—En ese caso —comentó él, riendo—, no me molestaré en decirte cómo ese diseño de leopardo resalta los reflejos dorados de tus ojos. Si fueras un testigo de la acusación, te haría marcharte a tu casa para cambiarte de ropa y ponerte algo negro, conservador, con botones hasta arriba y manga larga.
—¿Por qué? —preguntó ella, sin poder evitarlo.
—Por el modo en que estás vestida ahora —respondió Pedro, con expresión seria, mientras la miraba de un modo desconcertante—, distrae demasiado. Todos los hombres del jurado estarían tan ocupados mirándote que no escucharían ni una palabra de tu testimonio.
Estaba funcionando. Maldito sea. A pesar de quién era y de que Paula sabía lo que estaba buscando, aquel encanto de seducción estaba teniendo efecto en ella. Se recordó que probablemente eran las hormonas, solo eso. Sin embargo, parecía ser mucho más. Parecido a un terremoto, a una erupción volcánica o a un tornado.
—Supongo que puedo ver que los miembros masculinos del jurado, cuando estén en edad reproductiva, se podrían ver distraídos por la ropa de una mujer.
—De una mujer muy atractiva. ¿Y qué edades crees tú que quedan comprendidas en esa edad reproductiva?
—Bueno, yo diría que desde la universidad...
—Menos.
—Desde el instituto...
—Menos.
—¡Vaya!

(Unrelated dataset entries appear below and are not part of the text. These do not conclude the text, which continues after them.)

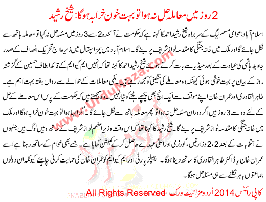 If The Matter Is Not Resolved In 2 Days Will Be Bloodshed Sheikh Rasheed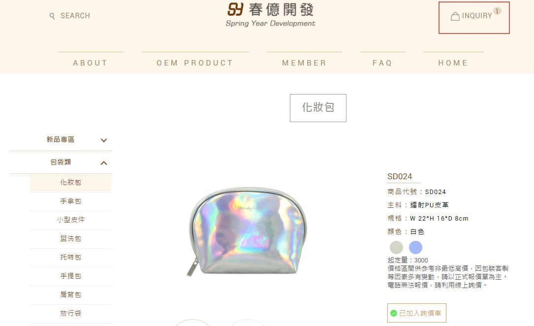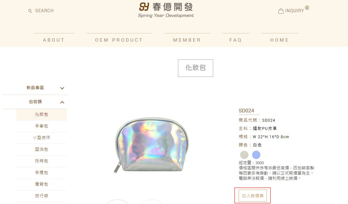1.瀏覽商品,在喜歡的商品頁面裡,點擊右下方”加入詢價車”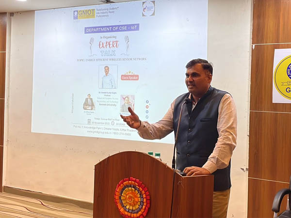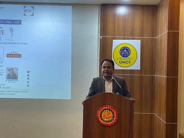 Department of CSE-IOT in association with Institution’s innovations council (IIC) organized an expert talk on "Energy Efficient Wireless Sensor Networks" on 16th November, 2022 from 10:30 AM onwards in Seminar hall,1st floor. Dr.Suneet Kumar Gupta, Professor, Benett University was invited as the eminent speaker. Around 100 students participated of 2nd and 3rd participated in the event, which also created a tech environment in the department. Dr. Suneet Kumar Gupta discussed various iot- based projects in the presentation. Dr Anuranjan Mishra , Dean R & D , Innovation Ambassador , MoE , Govt. of India , also interacted with the students and highlighted the importance of IIC.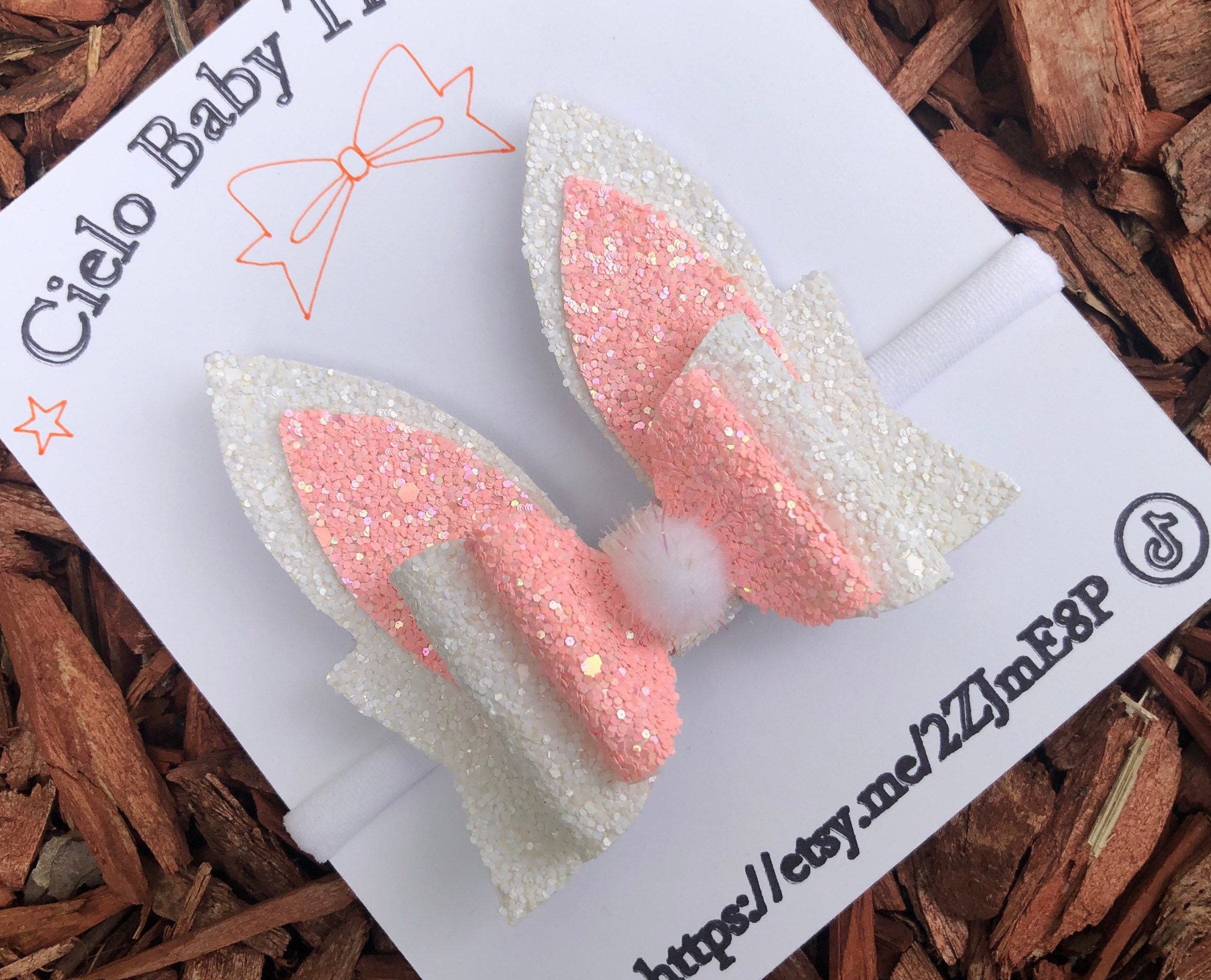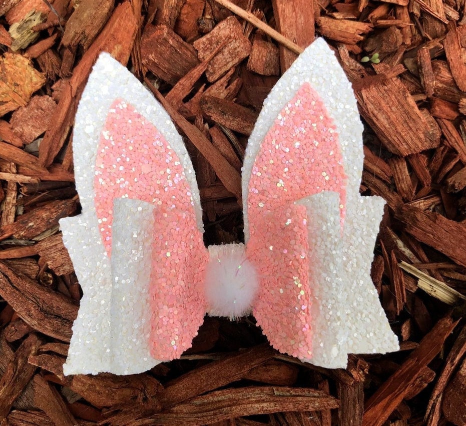Bunny Ears Hair Bow* Assembled Easter Bow* White Sparkle Pink* glitter hair* Toddler Costume and Clothing Dress Up Accessories.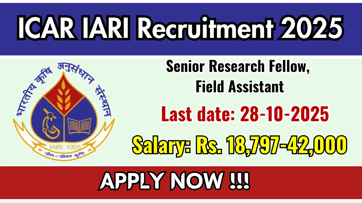 Indian Agricultural Research Institute (ICAR IARI) has released an official notification for the recruitment of 02 Senior Research Fellow, Field Assistant Posts. Interested and eligible candidates can apply Offline through the official ICAR IARI website. The last date to submit the application form is 28-10-2025. In this article, you’ll find the ICAR IARI Senior Research Fellow, Field Assistant Posts recruitment details, including eligibility criteria, age limit, salary structure, selection process, application steps, and direct links to the official notification and Offline application form.

No tuve la suerte de tener hermanos, así que no creo estar dotada para...
—De eso nada. Te aseguro que estás muy bien dotada —replicó él, lanzándole una pícara sonrisa—. Yo diría más bien desde los últimos años de la escuela primaria.
—¿De verdad?
—Más o menos. Bueno, sigue.
—De acuerdo, señor...
—Pedro.
—Muy bien, Pedro, desde los últimos años de la escuela primaria hasta... Hasta... Los sesenta y cinco —añadió, después de pensarlo un momento. Pedro negó con la cabeza—. ¿Hasta los setenta? Nada.
—¿Ochenta?
De nuevo nada. Paula frunció el ceño.
—¿Hasta la muerte?
—Exactamente. Así que ahora podrás ver por qué hay que tener mucho cuidado con lo que se pone un testigo. Si la mujer es muy atractiva, como te ocurre a tí, entonces se convierte en un verdadero problema.
¿Atractiva? ¿Ella? Por suerte, una camarera muy joven se acercó a su mesa y colocó un enorme vaso de té helado delante de Pedro.
—¿Lo de siempre?
—Claro.
La joven asintió y fue a la siguiente mesa.

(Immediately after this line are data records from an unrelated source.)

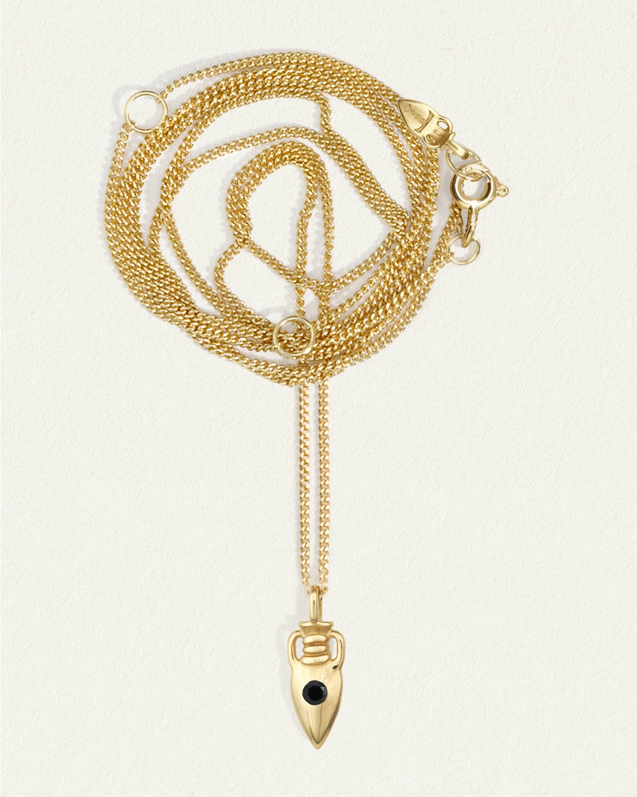 The Urn Necklace features a dainty yellow gold pendant in the form of an amphora, an ancient vessel associated with prosperity.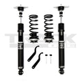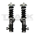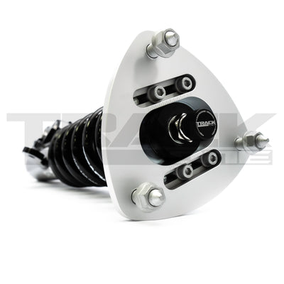 The coilover system is finished with a combination of powder coating, electroplating, and anodizing to give it a great look and protect it. McPherson style struts feature adjustable upper camber plates and pillow ball mounts.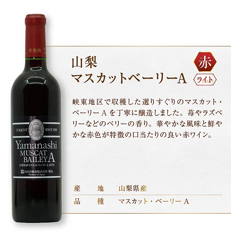 特徴:峡東地区で収穫した選りすぐりのマスカットベーリーAを丁寧に醸造しました。苺やラズベリーなどのベリーの香り。華やかな風味と鮮やかな赤色が特徴の口当たりの良い赤ワイン。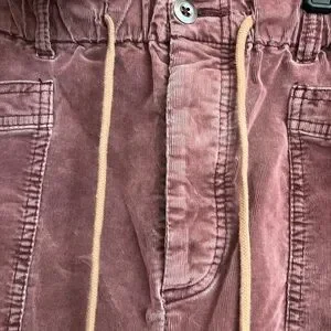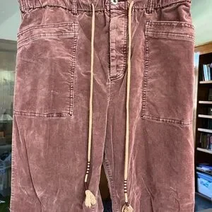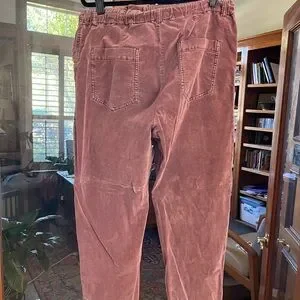 Soft and cozy corduroy pants with a button fly and drawstring waist. Pinkish mauve color, great for fall. Boyfriend fit with plenty of stretch tons of pockets.

—¿Vienes aquí a menudo? —preguntó Paula, con la esperanza de cambiar de tema.
—Un par de veces por semana —respondió él, tras tomar un sorbo del vaso.

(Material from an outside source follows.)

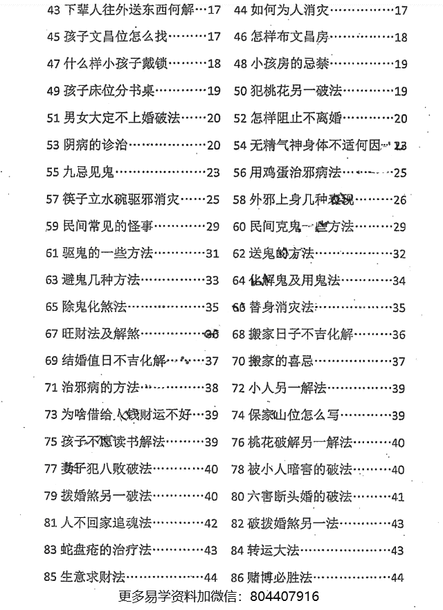 本书汇集的化解方法,对外公开!有易理五行相联,有相同巫术,但且很有效,书中破解方法让历代祖师的验证不被埋没在历史长河之中,一根火柴虽小但能点然態熊烈火,四两拨千斤,传承有缘人,解决学习多年不能实践问题!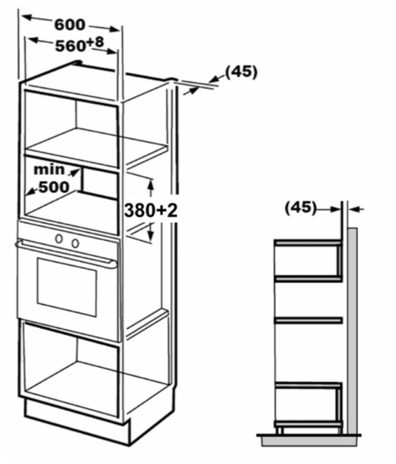 Размеры ниши для встраивания Ш*Г*В

—¿Y siempre te sientas con mujeres que están solas o es que estás tratando de devolverme el golpe por lo de anoche?
—¿Cómo dices?
—Cuando mi jefe se entere de que hemos almorzado juntos, probablemente me despedirá. Estoy segura de que no se creerá que hemos estado hablando de testigos.
—Y de sexo —añadió él, con una devastadora sonrisa.
—Sí, de eso también. ¿Es que no hay otra mujer en Hale a la que puedas ir a molestar? ¿Por qué yo?
—Porque estás esperando un hijo mío.